_To do_
Keep every line in which "Creek" occurs and drop the rest of the data.

_Records to process_
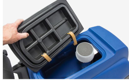
RECOVERY TANK FILTER
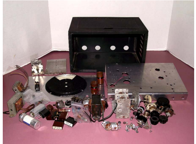
Phase one - assembling the parts

I had it all together for mechanical fit and looks pretty good. I stripped it down to polish the chassis and paint the front panel.
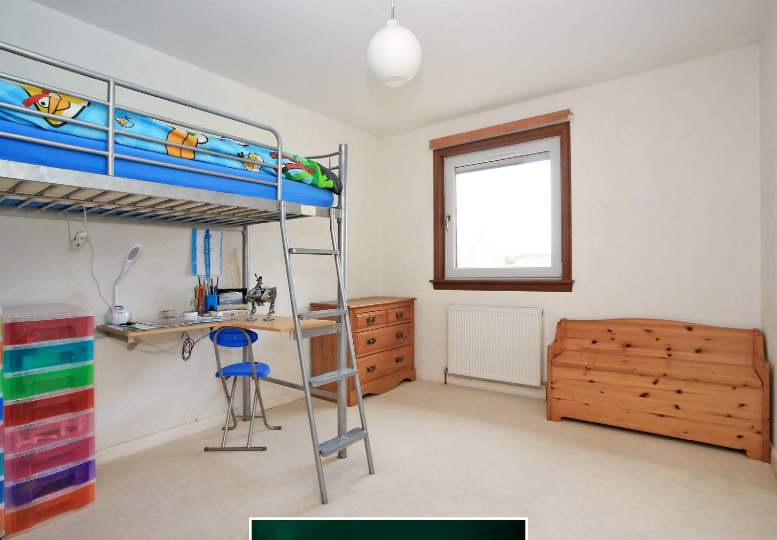
Bedroom 2 & 3
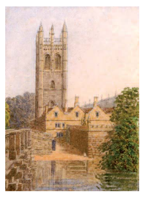
Oxford: Magdalen Tower from Magdalen Bridge watercolour and pencil 4¾ x 3in (12 x 7.5cm)
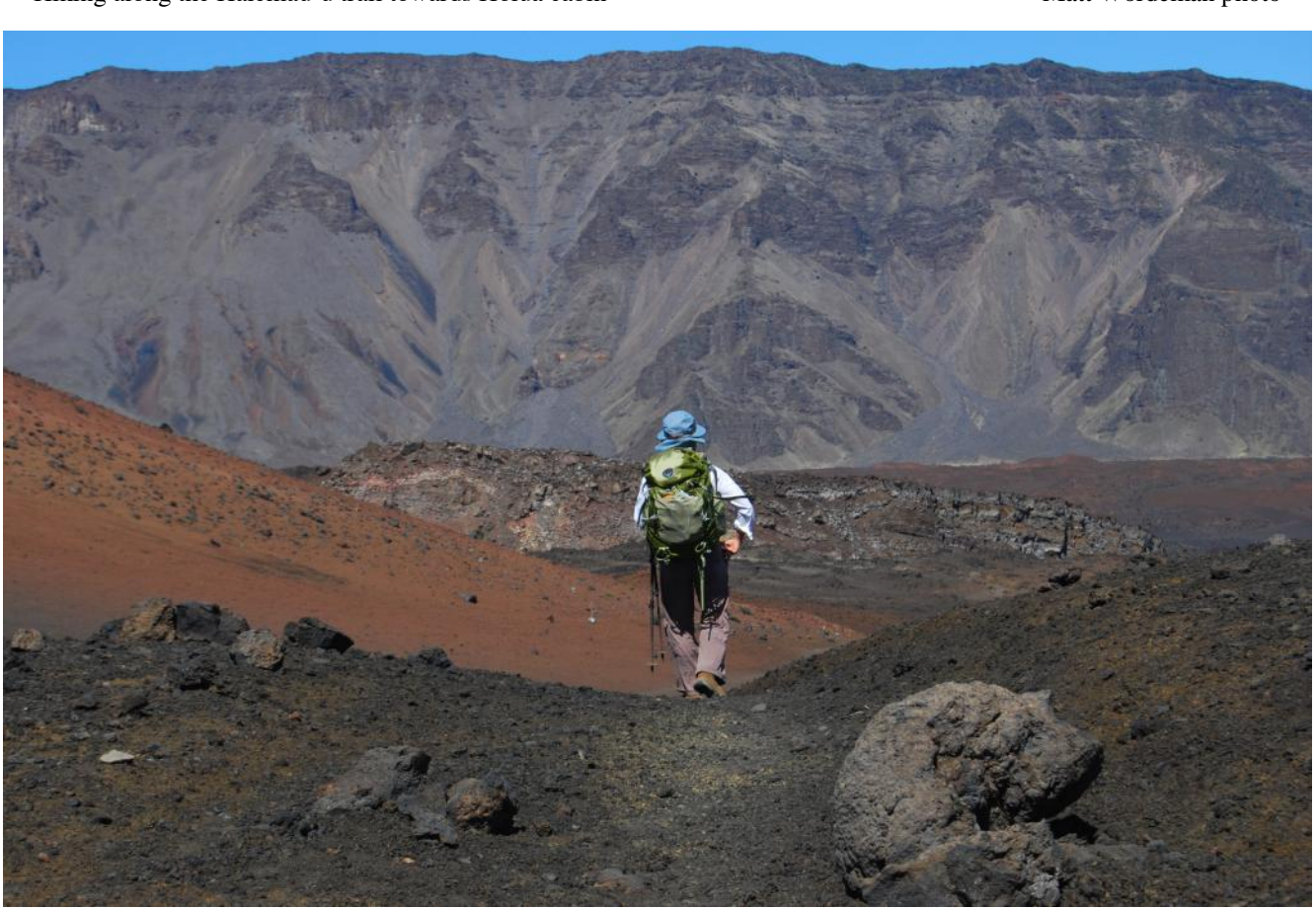
Hiking along the Halemau'u trail towards Hōlua cabin
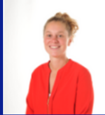
Designated Safeguarding Officer Prif Swyddog Diogelu
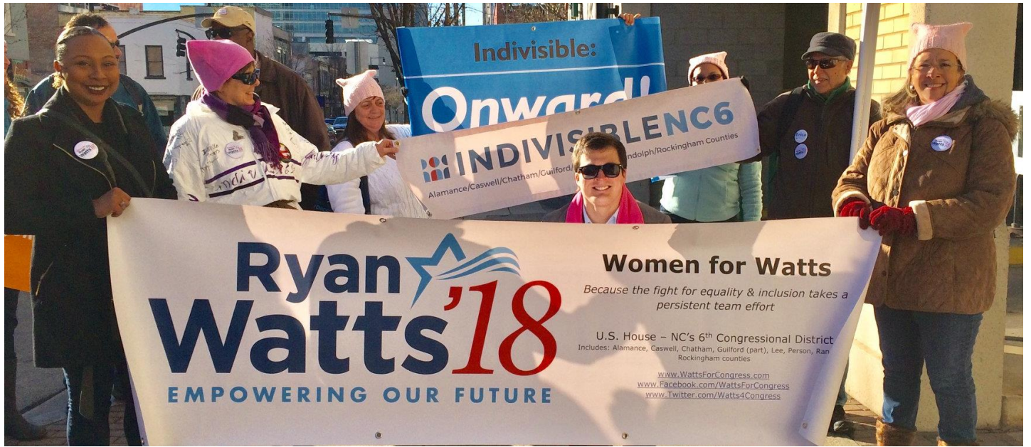
Supporters of Sixth Congressional District Candidate Ryan Watts proudly marched.
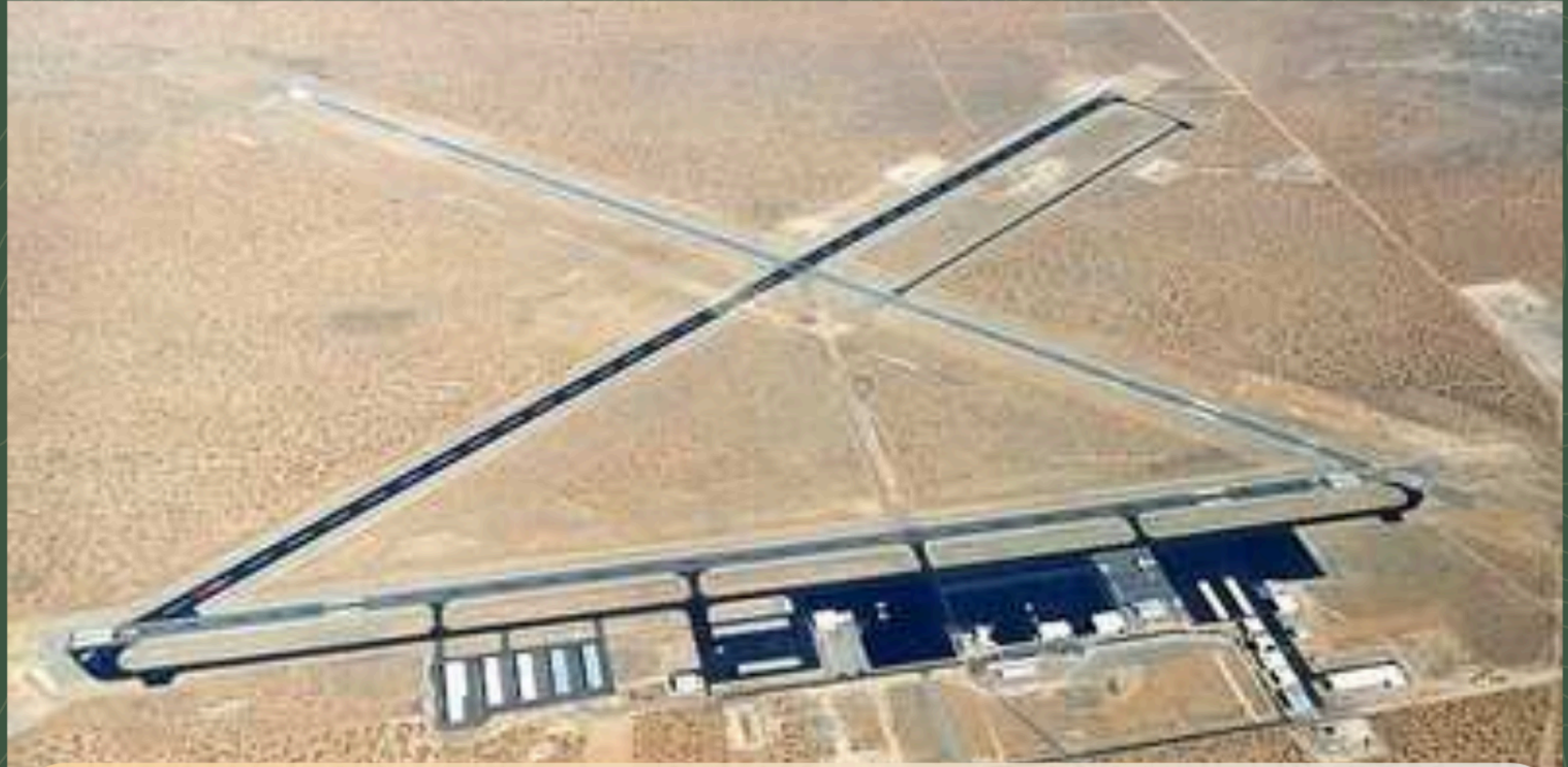
Las Cruces International Airport
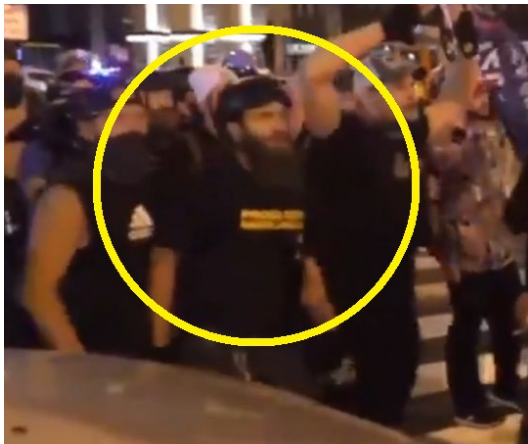
Figure 2: Screenshot of video from December 12, 2020
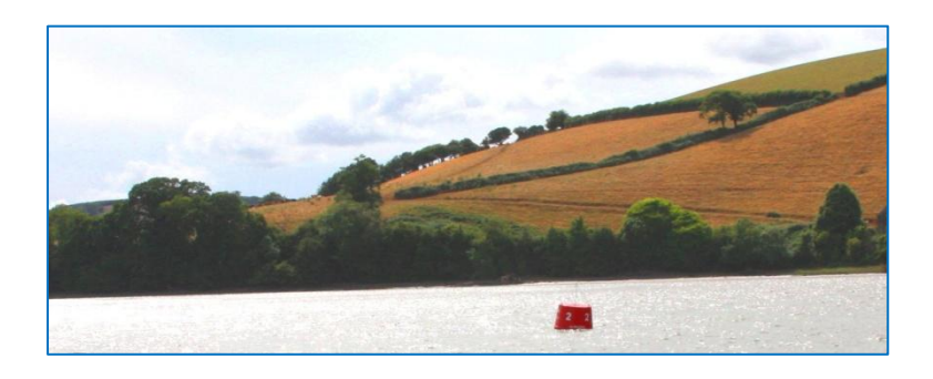
No.2 red can and entrance to Bow Creek (Chart point 9)

Carrying on up the Dart deep water shifts onto the West bank near White Rock. No.2 red can marks the turn North for Totnes or West into Bow Creek.
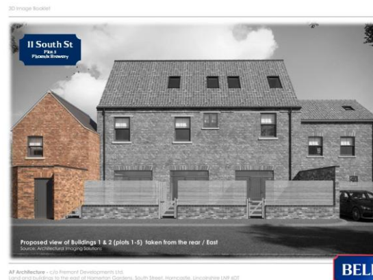
AF Architecture - c/o Fremont Developments Ltd. Land and buildings to the east of Hamerton Gardens, South Street, Horncastle, Lincolnshire LN9 6DT
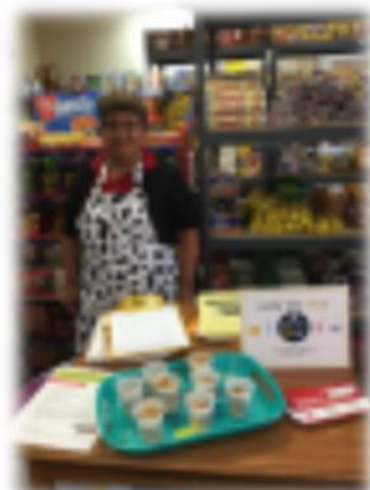
UNL Extension partner displaying and promoting a healthy food recipe

_Solution for this exercise_
No.2 red can and entrance to Bow Creek (Chart point 9)
Carrying on up the Dart deep water shifts onto the West bank near White Rock. No.2 red can marks the turn North for Totnes or West into Bow Creek.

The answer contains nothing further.